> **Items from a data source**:
- - - - -

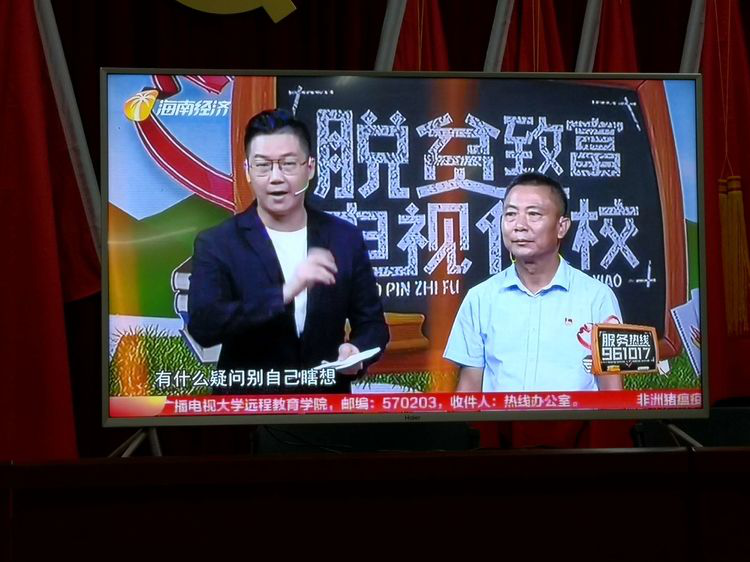2019年5月6日晚,海口擔(dān)保扶貧小組前往??谑协偵絽^(qū)三門坡鎮(zhèn)清泉村參加扶貧電視夜校活動。
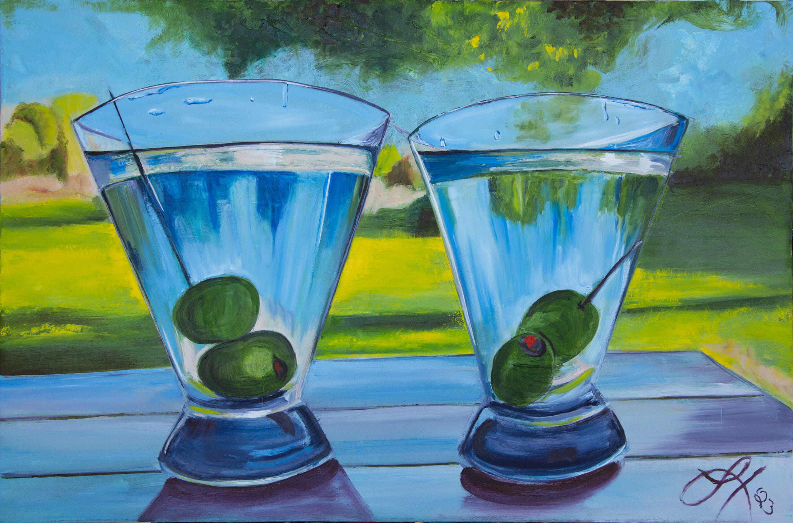 After a long day at work and staring at computers, one of my favorite ways to wind down is to sit in the swinging chairs under the trees in the yard with my husband and martinis. On one day in particular, while he and I sat in our favorite spot, I stopped and noticed that I was perfectly content and at peace. While I observed this feeling, I noticed how the landscape looked brighter and that it was being reflected in our still full martini glasses. I captured this moment first in a photo, and later I decided I needed to paint it as part of my water study. You can see the arc of the surface of the water, the reflection of the trees and sky in the liquid, and water drops clinging to the top of the glass.
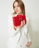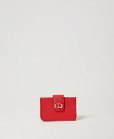 Leather-like saffiano print card holder with side bellows, strap and snap button closure, metal Oval T logo.
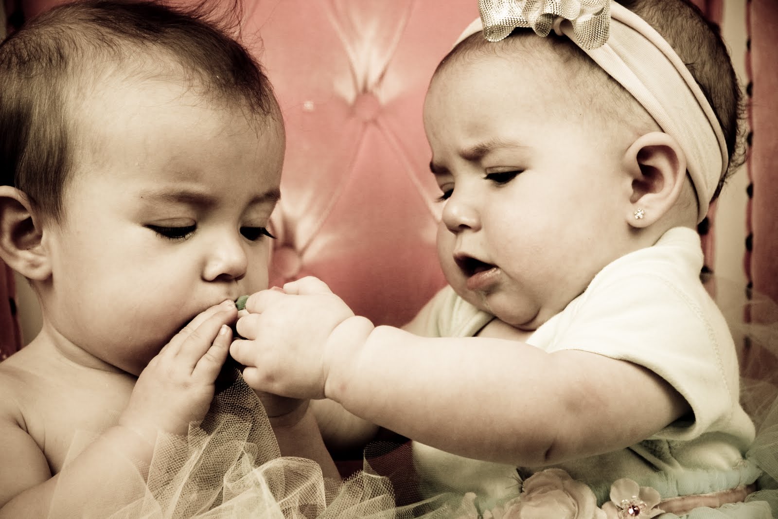 This pic is of Kimber and her cousin Zoe-Faye who is three months older than her. They will be best of friends someday! Zoe-Faye is Helen's daugther (the photographer). They are already learning to share. :)So pretty.......I love when I can see her little mind at work.
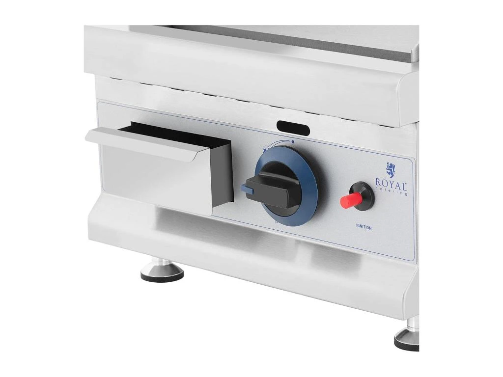 Ce grill à gaz professionnel comporte une gouttière qui dirige l’excédent de gras vers un tiroir collecteur amovible, ce qui favorise une cuisson saine et faible en matières grasses.

- - - - -

> **Exercise prompt**:
Look above for the line with "Leather-like saffiano print" and the line with "This pic is", then restate exactly those two lines and all lines between them, with no pictures.

> **Result of the exercise**:
 Leather-like saffiano print card holder with side bellows, strap and snap button closure, metal Oval T logo.
 This pic is of Kimber and her cousin Zoe-Faye who is three months older than her. They will be best of friends someday! Zoe-Faye is Helen's daugther (the photographer). They are already learning to share. :)So pretty.......I love when I can see her little mind at work.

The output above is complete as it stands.